Material for this exercise:
- Opening Delimiter -
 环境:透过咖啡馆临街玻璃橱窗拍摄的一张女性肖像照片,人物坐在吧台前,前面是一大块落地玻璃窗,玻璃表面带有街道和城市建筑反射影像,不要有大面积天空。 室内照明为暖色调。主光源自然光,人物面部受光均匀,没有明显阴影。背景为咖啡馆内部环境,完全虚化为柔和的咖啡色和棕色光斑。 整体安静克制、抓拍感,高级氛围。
- Closing Delimiter -
- Opening Delimiter -
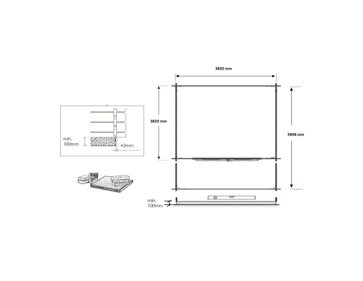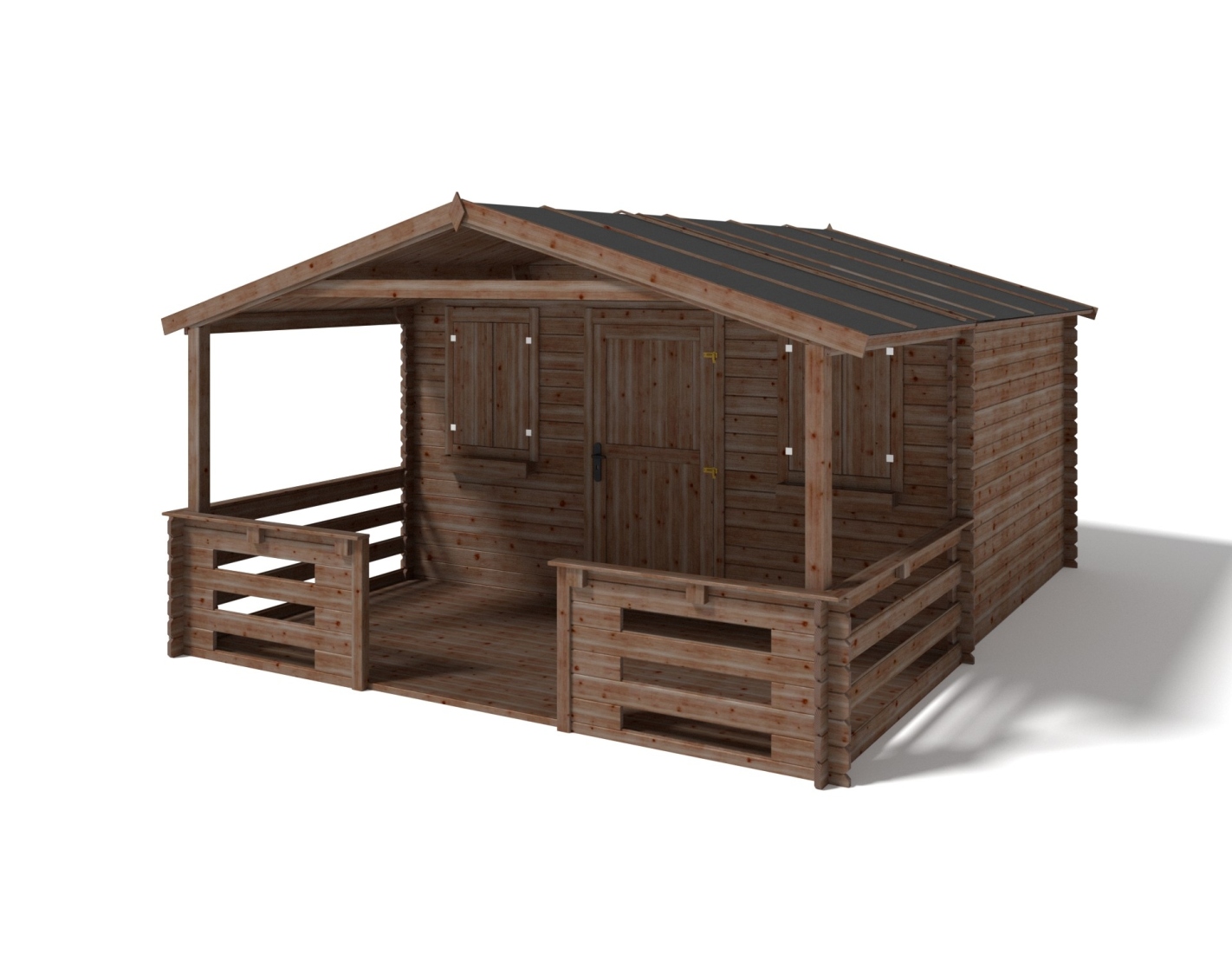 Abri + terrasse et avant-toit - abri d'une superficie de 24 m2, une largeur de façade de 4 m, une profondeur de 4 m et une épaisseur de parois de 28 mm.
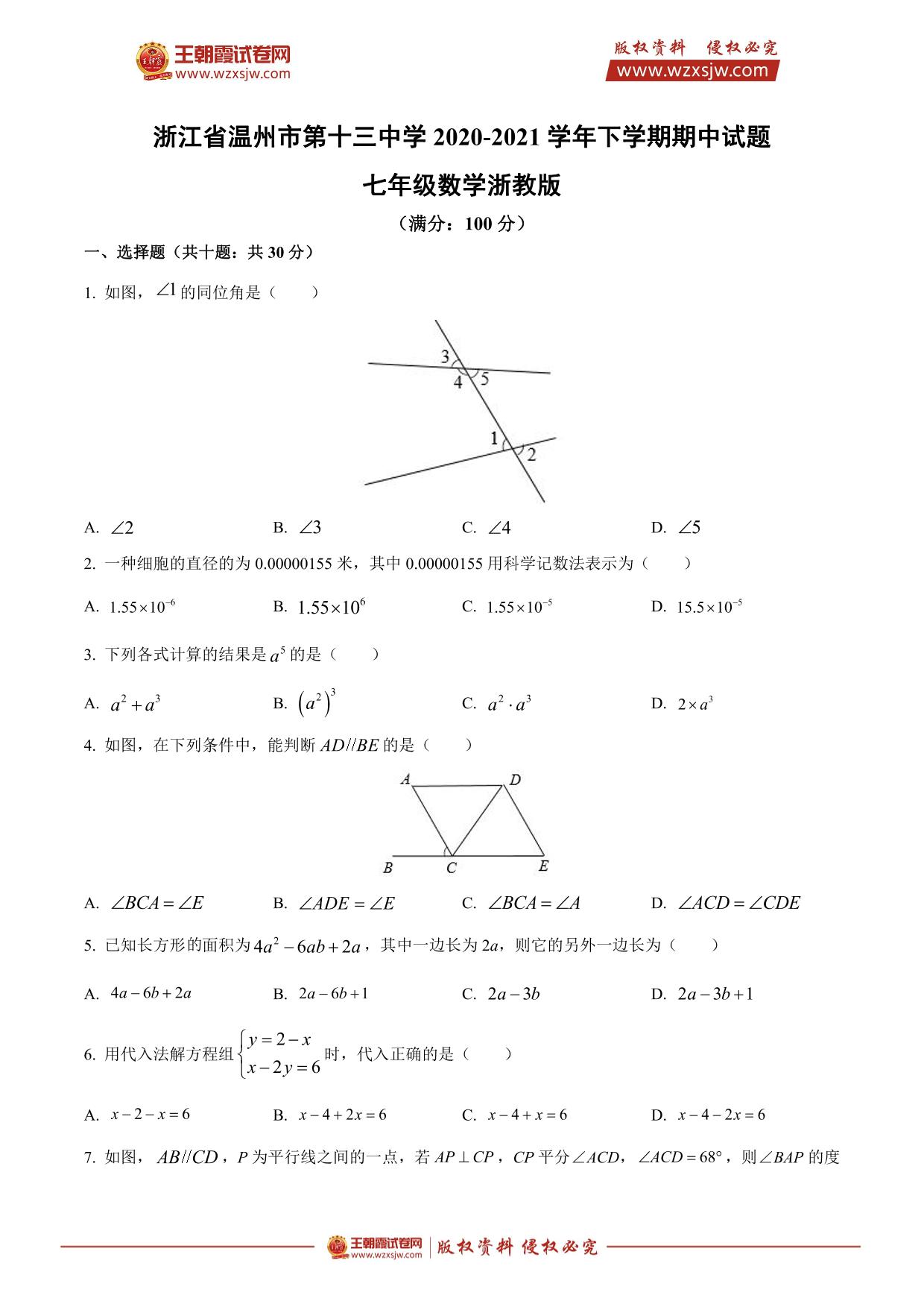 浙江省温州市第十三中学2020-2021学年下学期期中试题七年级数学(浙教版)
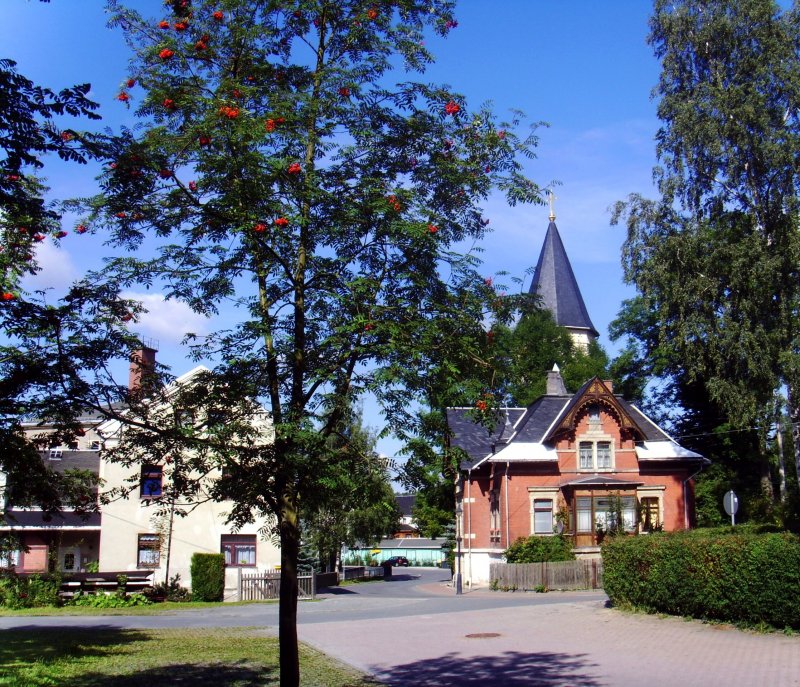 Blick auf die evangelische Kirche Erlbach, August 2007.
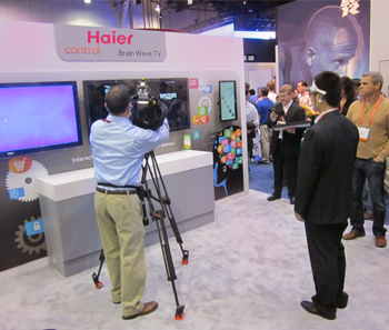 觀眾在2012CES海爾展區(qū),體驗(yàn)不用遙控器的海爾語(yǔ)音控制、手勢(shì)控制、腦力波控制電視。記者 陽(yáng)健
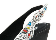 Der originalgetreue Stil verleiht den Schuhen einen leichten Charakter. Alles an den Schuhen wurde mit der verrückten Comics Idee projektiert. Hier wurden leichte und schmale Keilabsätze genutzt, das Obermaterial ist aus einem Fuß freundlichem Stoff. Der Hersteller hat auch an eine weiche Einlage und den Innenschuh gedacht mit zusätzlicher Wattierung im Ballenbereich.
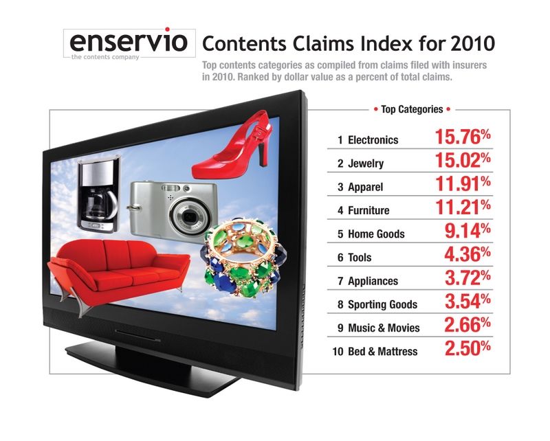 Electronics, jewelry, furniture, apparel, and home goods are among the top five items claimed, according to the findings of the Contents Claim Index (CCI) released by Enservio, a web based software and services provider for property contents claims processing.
- Closing Delimiter -
- Opening Delimiter -
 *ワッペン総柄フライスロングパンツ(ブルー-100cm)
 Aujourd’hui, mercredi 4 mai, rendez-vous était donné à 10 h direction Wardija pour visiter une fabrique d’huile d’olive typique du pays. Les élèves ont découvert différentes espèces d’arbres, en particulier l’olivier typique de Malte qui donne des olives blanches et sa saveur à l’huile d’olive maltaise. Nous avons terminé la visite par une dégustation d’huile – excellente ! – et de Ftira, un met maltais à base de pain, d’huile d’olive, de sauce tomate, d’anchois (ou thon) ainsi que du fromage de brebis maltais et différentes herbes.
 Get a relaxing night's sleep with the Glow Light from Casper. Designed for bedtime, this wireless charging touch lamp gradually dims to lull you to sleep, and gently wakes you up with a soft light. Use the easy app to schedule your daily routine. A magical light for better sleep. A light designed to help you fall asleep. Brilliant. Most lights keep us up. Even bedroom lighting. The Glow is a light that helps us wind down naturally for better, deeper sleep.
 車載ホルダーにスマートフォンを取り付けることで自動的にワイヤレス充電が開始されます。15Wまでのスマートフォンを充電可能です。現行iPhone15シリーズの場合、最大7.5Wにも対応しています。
- Closing Delimiter -
Assignment: Your answer must be everything above from the line with "Der originalgetreue Stil" down to the line with "Electronics, jewelry, furniture, apparel, and", word for word, and no pictures.

Written answer:
 Der originalgetreue Stil verleiht den Schuhen einen leichten Charakter. Alles an den Schuhen wurde mit der verrückten Comics Idee projektiert. Hier wurden leichte und schmale Keilabsätze genutzt, das Obermaterial ist aus einem Fuß freundlichem Stoff. Der Hersteller hat auch an eine weiche Einlage und den Innenschuh gedacht mit zusätzlicher Wattierung im Ballenbereich.
 Electronics, jewelry, furniture, apparel, and home goods are among the top five items claimed, according to the findings of the Contents Claim Index (CCI) released by Enservio, a web based software and services provider for property contents claims processing.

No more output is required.